A Short History of Progress, Ronald Wright. Toronto: Anansi, 2004.
Reviewed by Kent Peacock
For a very long time, environmental Cassandras have been warning of the danger that humanity will commit ecocide if we fail to learn from the mistakes made by those many civilizations whose ruins now lie crumbling in the sun. Such warnings have rarely penetrated the mainstream of thought, but now two books on the perils of environmental demise are simultaneously on bestseller lists.
Ronald Wright's acerbic Short History of Progress, delivered as the 2004 CBC Massey lectures, is the short version, while Jared Diamond's hefty Collapse supplies a generous helping of historical and scientific detail, thoughtful analysis and helpful suggestions. Both are wellwritten: Wright bristles with pithy apothegms, while Diamond, although less self-consciously literary, is always clear. It is hard to resist filling this review with quotes from Wright, especially his metaphors: "the wrecks of our failed experiments [in civilization] lie in deserts and jungles like fallen airliners whose flight recorders can tell us what went wrong." And those recorders warn us that "our present behavior is typical of failed societies at the zenith of their greed and arrogance."

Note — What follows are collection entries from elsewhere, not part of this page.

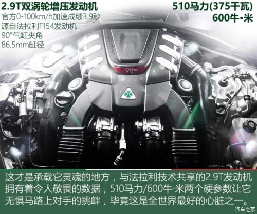 从之前的猜测都后来官方证实,这台有着暴力数据参数的V6发动机正是法拉利California T那台3.9T V8发动机减掉两个气缸而生的产物,相同的气缸夹角和缸径以及两颗IHI涡轮,还有闭缸技术,同时内部有大量的锻造增强部件。它在2000rpm左右就可以全力输出,有人开玩笑说这可能是你最容易实现的法拉利梦。和M3与C 63相比它这台发动机话题性更高,比如开着那两台车,朋友上来以后你会对他说有多少多少马力,加速几秒之类的,而Giulia四叶草,只需要告诉坐你车的朋友它的心脏是法拉利的,别的不说你的朋友也就懂了。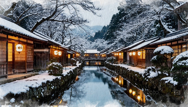 Вид на город Киото в Японии, акварельная иллюстрация, созданная AI
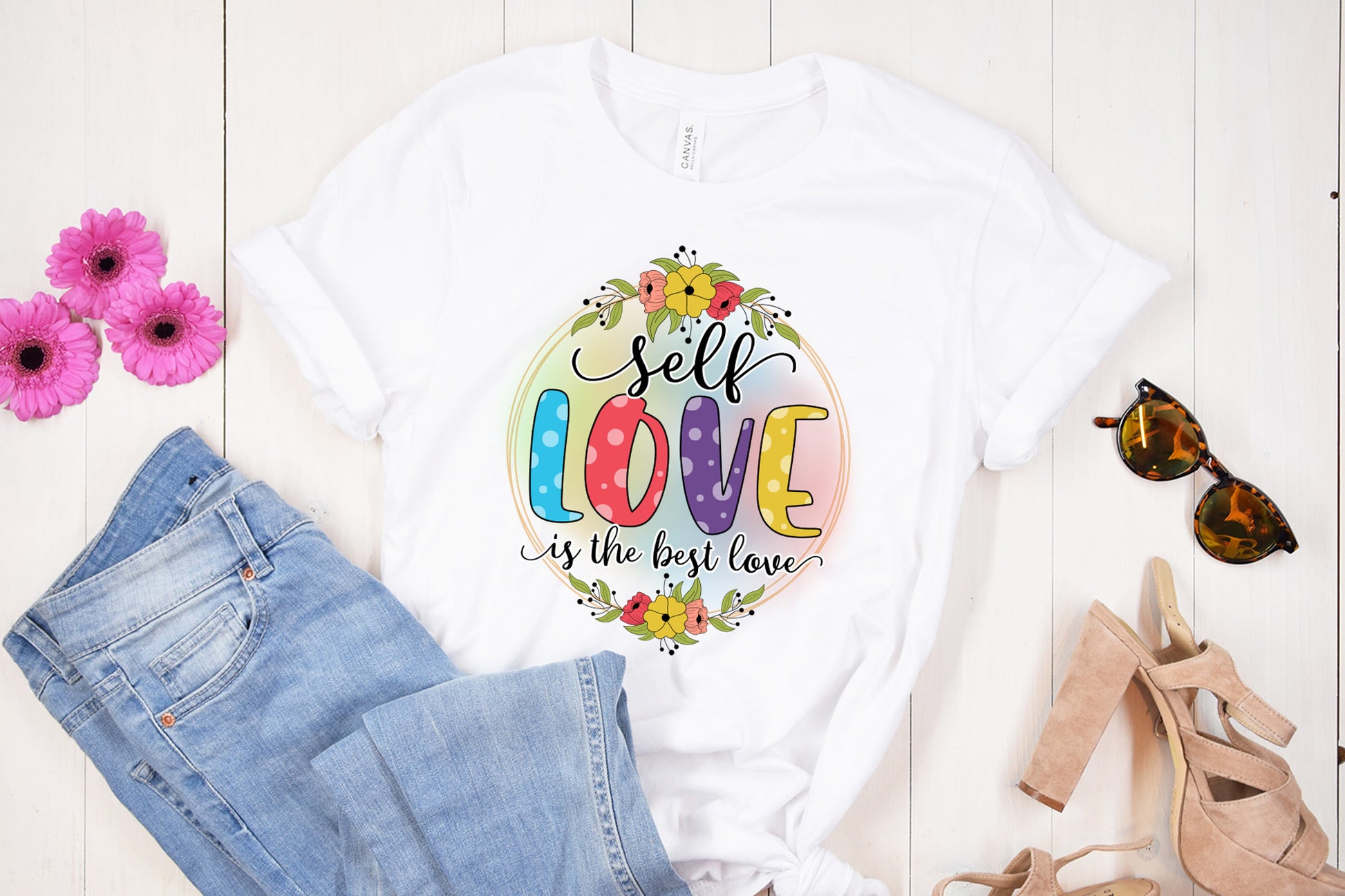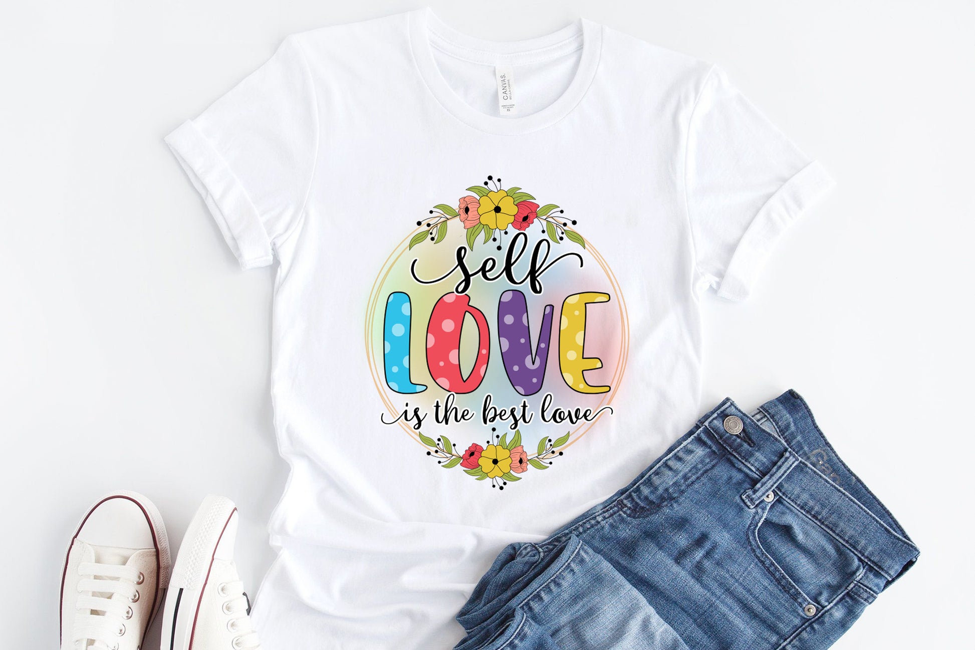 Looking for a unique and uplifting design to add to your collection? Check out our Self Love Quote Sublimation design! This design is perfect to make t-shirts, mugs, tote bags, much more!

Wright frames the problem studied by both books with the series of questions posed by artist Paul Gauguin: "Where do we come from? What are we? Where are we going?" The first two questions can be answered, in part, by history, paleoanthropology and earth science. We are restless anthropoids nurtured in the luxurious hothouse of Africa, toughened and honed to a fighting edge by the Ice Ages. We now enjoy an extraordinary global population boom made possible partly by the fruits of our linguistic and technological ingenuity, and partly by an uncharacteristically benign spell in Earth's climate. But, like fast-growing teenagers, we don't always quite know how to cope with the consequences of our own growing strengths. As Wright has it, we are Ice Age hunters "only halfevolved towards intelligence; clever but seldom wise."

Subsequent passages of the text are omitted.